Now Dr. Muro is also exploring the ability of these delivery methods to cross the blood-brain barrier. This research is based on an understanding and utilization of the normal mechanisms by which substances are transported from the circulation into the cells of target organs. Much of this transport takes place in capillaries: the finely branched blood vessels that connect tissues to the blood supply.

(Fluorescently-labeled particles (green color), internalized by endothelial cells, traffic within the cell body helped by the cell actin cytoskeleton (red color))

Capillaries have a single layer of endothelial cells that separate cells of various organs from the bloodstream. These endothelial cells control the transport of substances to organs across the capillaries. Transport of substances other than small ions and molecules is controlled by two major transport routes. The first route, the para-cellular route, is accomplished by means of opening of gaps, and leakage of substances----or even whole cells, such as white blood cells----between the endothelial layer. This is the route that is often used by the body during physiological emergencies, such as infections. This pathway, since it involves gaps and leaks, does not permit much control over the substances that pass from the bloodstream to the organs.

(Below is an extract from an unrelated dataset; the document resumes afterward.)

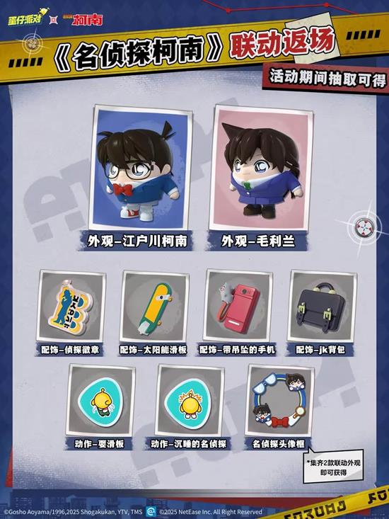 10月24日,联动第二弹正式上线,怪盗基德与灰原哀全新加入,江户川柯南与毛利兰也将限时返场,带来熟悉的侦探氛围。

The second major route is the trans-cellular route, in which substances are transported through the endothelial cells in a controlled fashion. In this pathway, cells engulf material from blood in membrane-bound compartments, called vesicles, which then cross the endothelial cells in a controlled manner, and are released when the vesicles open on the other side of the cells, a process known as transcytosis. This is a safer, more controlled method for transporting substances than the leaky para-cellular route.

So to lay the groundwork of research that may someday lead to clinical treatment of LySD (and other diseases requiring targeted delivery of lifesaving drugs), Dr. Muro asked the following question: Is it possible to deliver therapeutic enzymes to their target organs by making use of the endothelial transport pathways?

"From the perspective of transporting therapeutics in a safe manner, the trans-cellular pathway would be the goal," says Dr. Muro. This specific, controlled mechanism prevents leakage of unwanted substances or cells.

Now, Dr. Muro is looking more closely at the various cellular mechanisms by which the particles can be transported across endothelial cells. She is looking forward to establishing a colony of experimental mice at UMBI, deficient in key enzymes, which will allow her to do more detailed whole-organism (in vivo) studies.

Dr. Carmen Garnacho, a postdoctoral researcher working with Dr. Muro, assisted in the work that was performed both at the University of Pennsylvania and at UMBI. She recently moved back to Spain. Currently, in her laboratory at UMBI, Dr. Muro has been mentoring graduate students from three different programs who have been doing rotations in the lab. Two of these rotating students were able to submit abstracts for international release.

One student, Daniel Serrano, has recently joined Dr. Muro's lab, and will be pursuing his Masters and PhD. degrees there. Dr. Muro is also currently mentoring a postdoctoral researcher, Dr. Tridib Bhowmick, an undergraduate student from the Biology Honors program, Rasa Ghaffarian, and a senior student from the Eleanor Roosevelt High School Science&Technology Program, Ashlee Greene. Looking to the future, Dr. Muro has submitted several grant applications that would enable her to further expand the scientific talent in her lab.

Dr. Muro has tremendous enthusiasm and energy for her research----both for the science, and for the future clinical applications. "I am very passionate about my work----I really love it," she says.